Leonardo Padura, pinceladas caribeñas

La literatura cubana, incluso en los países de habla hispana, no goza de una gran expansión. Las particularidades del sistema de publicaciones de la isla a las que hay que sumar la falta de materias primeras, hacen que la oferta sea más que limitada; a pesar de ello algunos nombres logran trascender hacia el extranjero. Es el caso del escritor nacido en La Habana (1955) quien, a base de una obra extensa y diversificada, ha ido ganando trascendencia con el transcurso de los años.

Egresado de la cátedra de literatura latinoamericana de la universidad de la capital insular, sus primeros textos estuvieron ligados al ámbito periodístico en órganos de la isla, como el diario Juventud Rebelde. Aunque no transcurriría mucho tiempo para que diera el paso hacia la ficción literaria con la publicación de su primera novela, Fiebre de caballos.  

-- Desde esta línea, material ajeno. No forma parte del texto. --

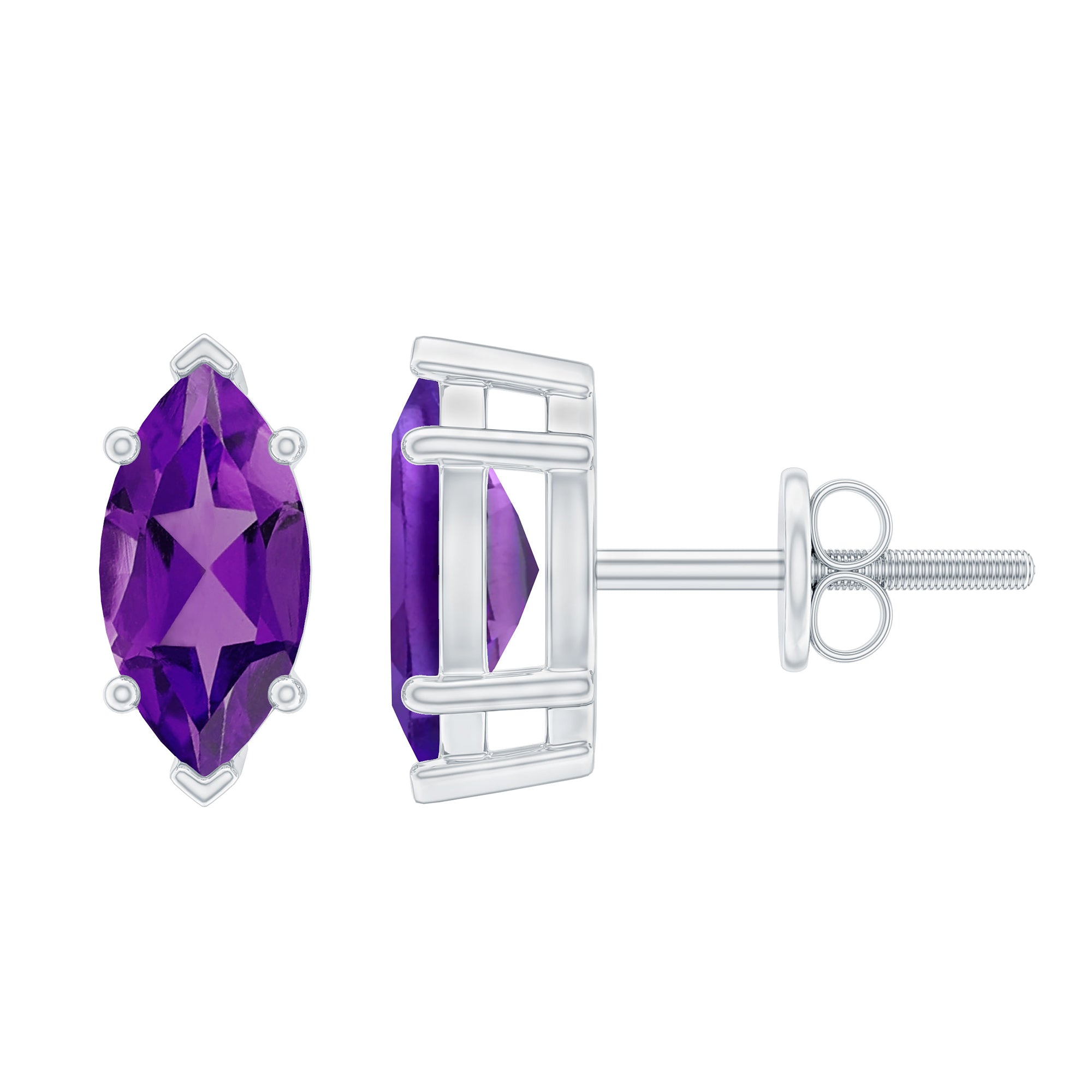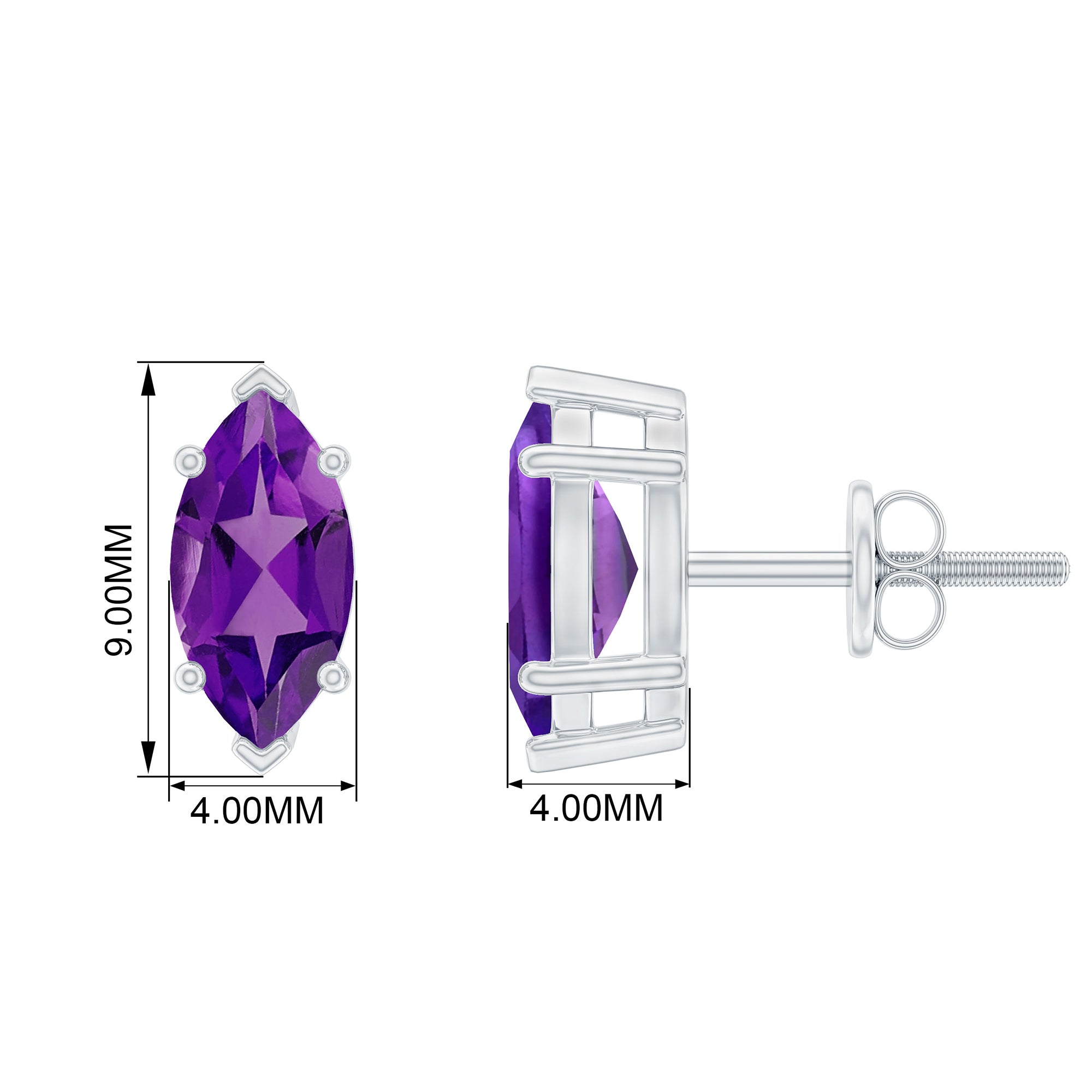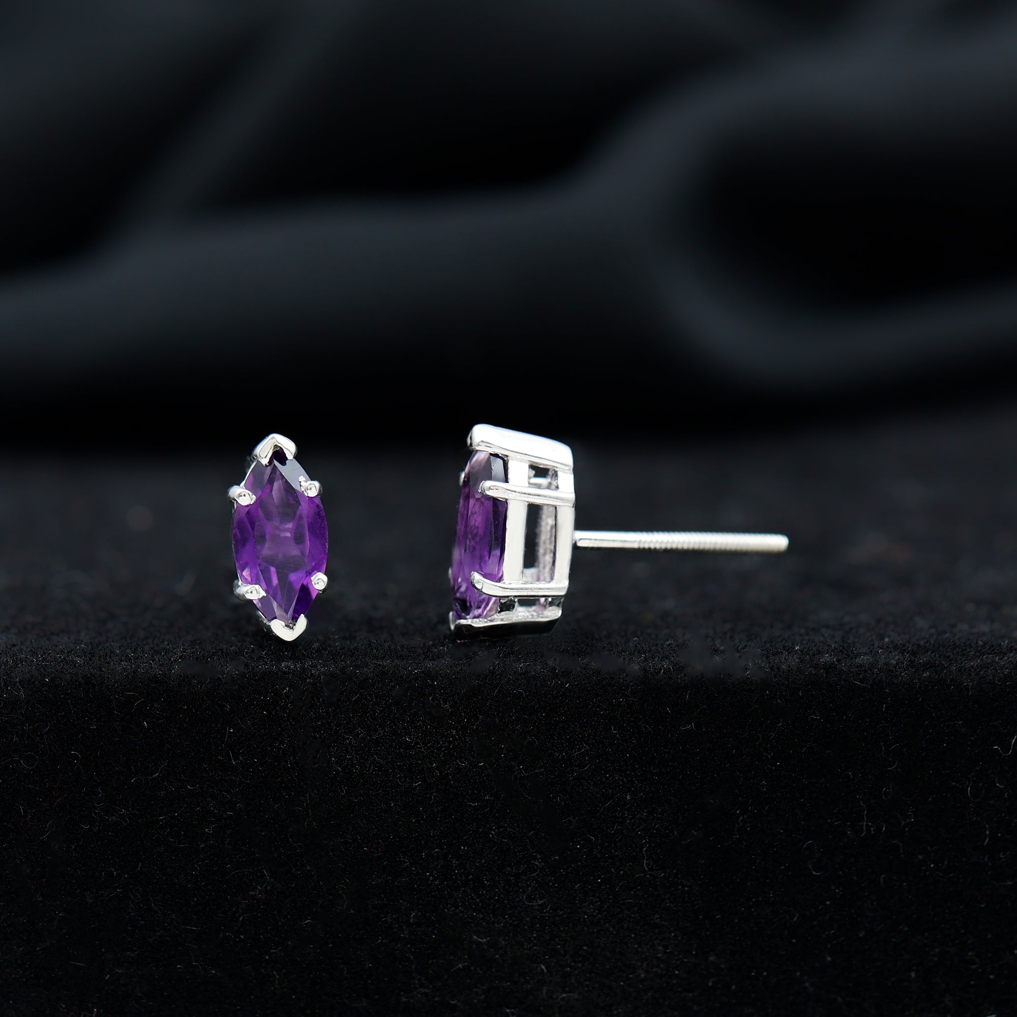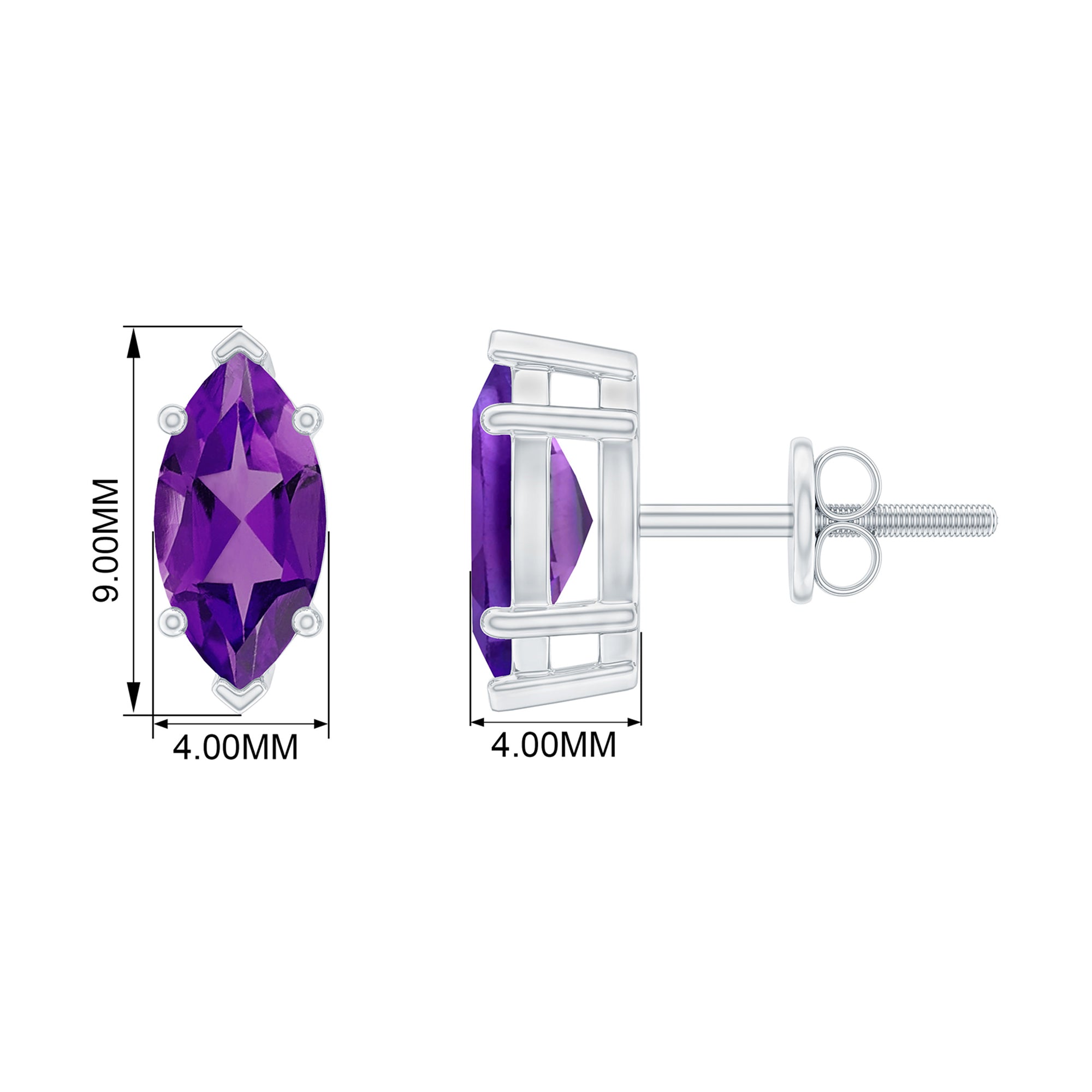 8X4 MM Marquise Cut Amethyst Solitaire Stud Earring

A partir de ese momento su escritos se han ido ampliando con otras tantas novelas: Adiós Hemingway o El hombre que amaba a los perros; así como con la incursión en otros géneros, como el ensayo: La Cultura y la Revolución Cubana o La memoria y el olvido; el relato breve: El cazador, Nueve noches con Amada Luna; y también el guión cinematográfico, con Regreso a Ítaca o Cuatro estaciones en La Habana. Textos por los que cosechó diferentes distinciones, como el Premio Nacional de Literatura de Cuba, o el Hammett de la Asociación de Escritores de Novela Policíaca, y también por el conjunto de su producción literaria, con la distinción de la Orden de las Artes y las Letras de Ministerio de Cultura de Francia, y el premio Princesa de Asturias de las Letras.

Aunque es evidente que mucho de la consolidación de Padura procede del ámbito del género negro, más aún de la mano de su alter ego literario, el detective Mario Conde. En las historias del policía como en otras, más allá de la trama propia de cada relato, el escritor se permite deslizar críticas a la realidad cotidiana que se vive en la isla, pareceres que si bien forman parte de la ficción, fueron incluyendo también las contingencias de aquellos compatriotas que para labrarse un porvenir eligieron transitar el camino de la diáspora, con todas sus consecuencias. Sensaciones todas que son alimentadas por el propio pensamiento del autor, cuando manifiesta: “Lo jodido de irse de Cuba es que, ni aún yéndote de Cuba, te vas de Cuba”.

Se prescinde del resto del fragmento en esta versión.